Framing the problem as a machine learning task

Candidate generation is framed as extreme-scale retrieval, meaning the system learns representations of users and videos such that, given a user, it can fetch the few thousand videos most likely to engage them without ever scoring the whole corpus. Ranking is framed as supervised prediction, where the model takes a user and video pair and predicts the probability of a click together with the expected watch time and satisfaction if the video is shown, trained from logged behavior. Two simpler framings deserve naming because each fails in an instructive way. Treating the whole problem as one classification over billions of classes fails on arithmetic alone, since a softmax output layer, the layer that assigns one probability to every class, would need billions of entries that can neither be trained nor served affordably, and the class set changes by the minute. Treating it as pure collaborative filtering, the classic insight that people who watched the same things in the past will watch the same things next, fails alone on freshness and cold start, because a video uploaded this morning has no co-watch history to consume, and that blind spot covers exactly the content the platform most needs to surface. The production framing therefore combines learned retrieval with learned ranking, with the collaborative signal surviving inside the learned embeddings alongside content features.

Data and labels

Training data is the impression log, the record of every video shown on the page together with what the user did about it, whether they clicked, how long they watched, whether they liked, shared, or pressed the button marked not interested, all keyed by the position the video occupied on the page. Implicit labels dominate by volume, and the strongest simple label is watch time conditioned on impression rather than the raw click, because clicks alone teach the model that a misleading thumbnail is excellent content, since the misled user clicks, discovers the deception, and leaves, and the click is logged as a success either way. Explicit signals such as likes and survey responses arrive at a tiny fraction of the volume but anchor what satisfaction means.

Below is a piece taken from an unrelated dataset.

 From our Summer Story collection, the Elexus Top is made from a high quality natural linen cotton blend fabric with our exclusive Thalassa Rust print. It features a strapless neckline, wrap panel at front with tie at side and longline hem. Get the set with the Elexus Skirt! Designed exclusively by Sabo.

Position bias infects all of it. An item shown in the first slot gets engaged with more simply for being first, regardless of quality, so a model trained naively on the log learns to predict placement as much as preference and then ratifies its own past choices. The standard corrections either include position as a training feature and neutralize it at serving time, scoring every candidate as if it sat in one fixed slot, or weight training examples by a propensity estimate, meaning an estimate of how much each position inflated the engagement. Both corrections depend on knowing how strong the bias is, and the only trustworthy measurement is to randomize the ordering on a small slice of real traffic and watch how engagement moves with position when quality is held equal. The deeper bias is that the log only contains outcomes for videos the previous system chose to show, so the data is silent about everything never tried, which is the feedback loop hazard treated in its own section below.

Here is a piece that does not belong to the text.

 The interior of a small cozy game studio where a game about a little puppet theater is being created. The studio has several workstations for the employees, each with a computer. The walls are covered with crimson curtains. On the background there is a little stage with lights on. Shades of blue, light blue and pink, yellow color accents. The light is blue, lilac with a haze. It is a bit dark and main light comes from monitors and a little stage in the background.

Features and the feature store

Three feature families feed the models, differing in cost as much as in content. User features include aggregates of watch and search history, topic affinities, subscription lists, and context such as device and hour of day. Video features include topic, language, duration, upload age, channel statistics, and engagement rates such as click-through rate and average completion. Cross features describe the specific pair, for example how many videos from this channel this user watched in the last month, and they are the expensive, high-value family, because they can only be computed per combination and the number of combinations is the product of two enormous sets, which is why only the ranking stage, facing a few thousand pairs rather than billions, can afford them.

These features live in a feature store, which is the system that computes each feature once and serves identical values to offline training and online inference. The store earns its place through the failure it prevents, called training-serving skew, where the training pipeline computes a feature one way and the serving path computes the supposedly identical feature in a subtly different way, perhaps a seven-day average offline against a six-day average online. Nothing errors when this happens, the model simply meets serving inputs shifted from the ones it learned on, quality sags by a few percent that no dashboard attributes to anything, and the cause is typically found months later by someone diffing feature values row by row. The discipline that travels with the store is to log the exact feature values used at serving time and train on those logged values, because recomputing history from raw events reopens every opportunity for the two paths to disagree. The store also stratifies by freshness, recomputing slow batch features such as thirty-day topic affinities daily while streaming fast counters such as a video's clicks in the last hour in near real time, because a count that arrives a day late has lost most of its value.

Model architecture

Candidate generation runs several sources in parallel and feeds ranking their union, because no single source covers the space. The workhorse is two-tower retrieval, which deserves a careful definition since it is the load-bearing idea of the stage. Two neural networks are trained jointly, a user tower that maps user features to an embedding, meaning a learned vector that summarizes taste as a position in a shared space, and an item tower that maps video features to an embedding in that same space, and training pushes the dot product, the simple similarity measure between two vectors, high for genuinely engaged user and video pairs and low for sampled non-engaged pairs, so proximity in the space comes to mean predicted engagement. The towers never look at each other's raw inputs, and that enforced independence is the entire trick, because it lets every video's embedding be computed offline and loaded into an approximate nearest neighbor index, a data structure that finds the vectors with the highest dot product against a query while examining only a sliver of the corpus. At request time the system computes one user embedding, runs one index lookup, and holds its few thousand candidates within milliseconds.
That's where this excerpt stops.